REQUIRED ACTION:
Only the lines below, from the one with "9月10日,村民在江苏省泰州" through the one with "Tu propia casita", are to be written out, exactly.

DATA SHOWN:
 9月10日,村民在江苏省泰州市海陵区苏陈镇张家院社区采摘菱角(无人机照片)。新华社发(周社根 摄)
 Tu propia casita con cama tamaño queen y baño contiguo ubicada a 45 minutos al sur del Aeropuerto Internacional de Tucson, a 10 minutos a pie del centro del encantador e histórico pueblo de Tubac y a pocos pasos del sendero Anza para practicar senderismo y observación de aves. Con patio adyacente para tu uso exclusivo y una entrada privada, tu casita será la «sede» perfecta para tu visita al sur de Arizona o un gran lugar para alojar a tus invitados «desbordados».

---

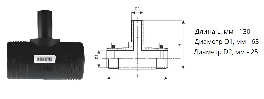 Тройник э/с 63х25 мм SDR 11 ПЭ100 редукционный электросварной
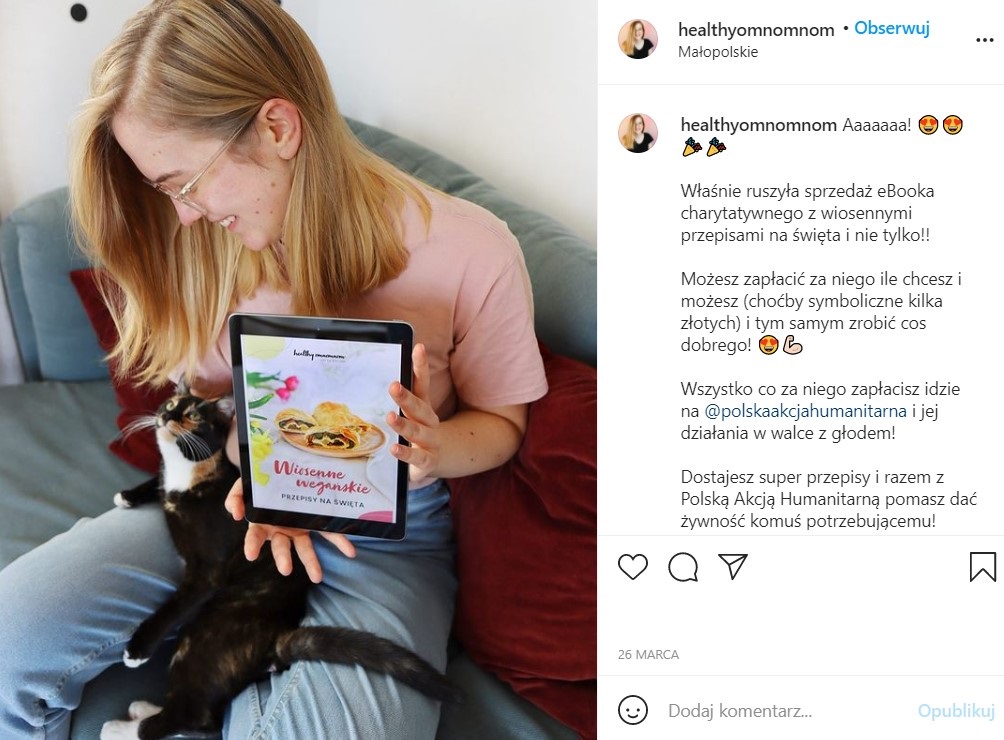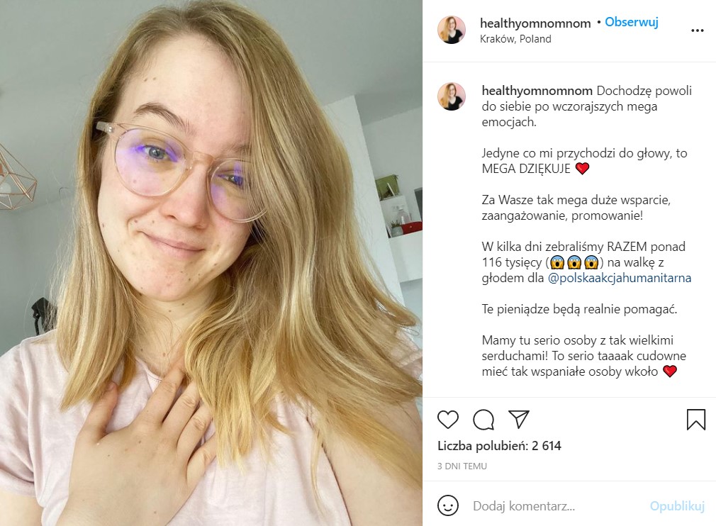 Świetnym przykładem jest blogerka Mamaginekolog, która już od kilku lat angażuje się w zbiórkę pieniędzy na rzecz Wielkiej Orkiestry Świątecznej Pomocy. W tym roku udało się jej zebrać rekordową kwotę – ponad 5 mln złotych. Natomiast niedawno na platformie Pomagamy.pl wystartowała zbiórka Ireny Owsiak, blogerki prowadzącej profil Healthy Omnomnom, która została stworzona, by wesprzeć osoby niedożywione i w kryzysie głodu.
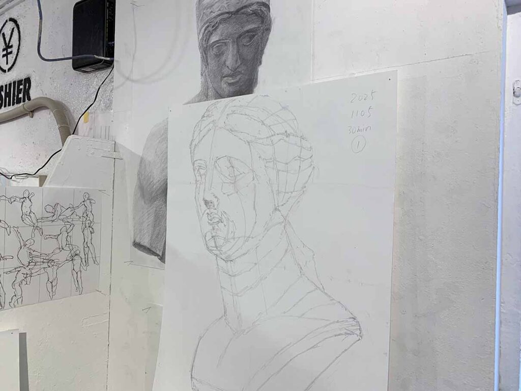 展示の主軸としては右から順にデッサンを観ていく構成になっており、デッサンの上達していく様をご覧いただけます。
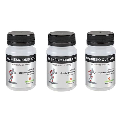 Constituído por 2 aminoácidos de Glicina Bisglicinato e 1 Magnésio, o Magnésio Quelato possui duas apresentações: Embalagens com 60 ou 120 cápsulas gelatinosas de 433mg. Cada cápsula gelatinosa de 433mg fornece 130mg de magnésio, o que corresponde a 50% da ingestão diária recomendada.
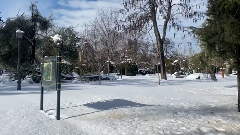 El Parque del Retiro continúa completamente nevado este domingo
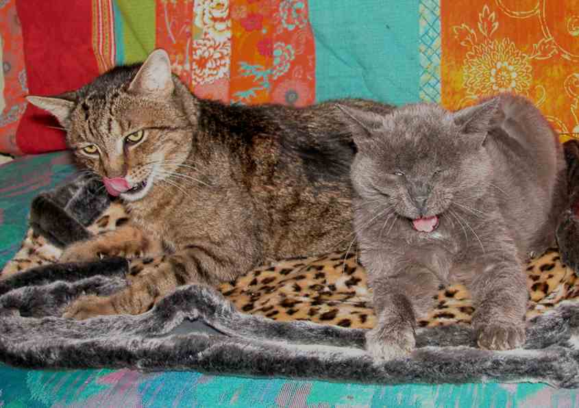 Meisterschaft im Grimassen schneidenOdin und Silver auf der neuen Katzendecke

--

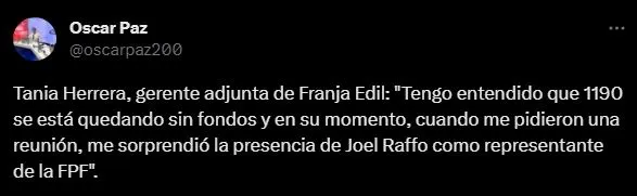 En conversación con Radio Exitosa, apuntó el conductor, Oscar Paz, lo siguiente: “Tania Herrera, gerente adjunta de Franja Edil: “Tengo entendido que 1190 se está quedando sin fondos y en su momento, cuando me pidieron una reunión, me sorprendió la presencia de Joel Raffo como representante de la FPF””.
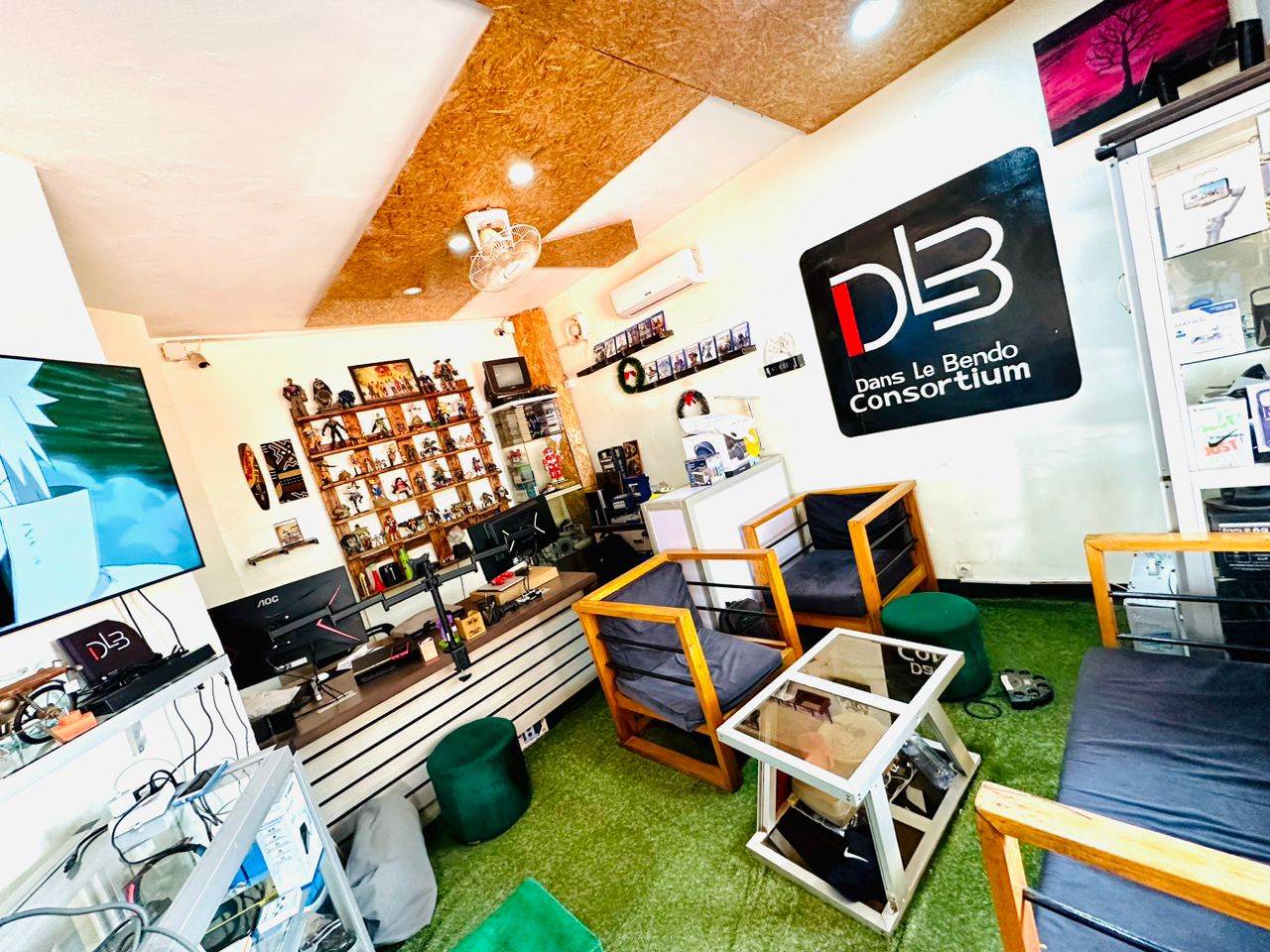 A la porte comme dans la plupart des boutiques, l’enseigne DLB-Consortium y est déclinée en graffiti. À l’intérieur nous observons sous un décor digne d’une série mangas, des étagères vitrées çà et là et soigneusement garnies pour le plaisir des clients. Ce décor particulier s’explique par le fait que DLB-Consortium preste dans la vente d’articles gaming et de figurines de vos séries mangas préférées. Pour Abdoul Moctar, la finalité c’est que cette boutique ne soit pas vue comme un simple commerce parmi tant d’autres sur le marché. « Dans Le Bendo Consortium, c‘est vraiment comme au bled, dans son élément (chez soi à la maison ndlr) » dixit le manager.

PROBLEM SOLUTION:
 9月10日,村民在江苏省泰州市海陵区苏陈镇张家院社区采摘菱角(无人机照片)。新华社发(周社根 摄)
 Tu propia casita con cama tamaño queen y baño contiguo ubicada a 45 minutos al sur del Aeropuerto Internacional de Tucson, a 10 minutos a pie del centro del encantador e histórico pueblo de Tubac y a pocos pasos del sendero Anza para practicar senderismo y observación de aves. Con patio adyacente para tu uso exclusivo y una entrada privada, tu casita será la «sede» perfecta para tu visita al sur de Arizona o un gran lugar para alojar a tus invitados «desbordados».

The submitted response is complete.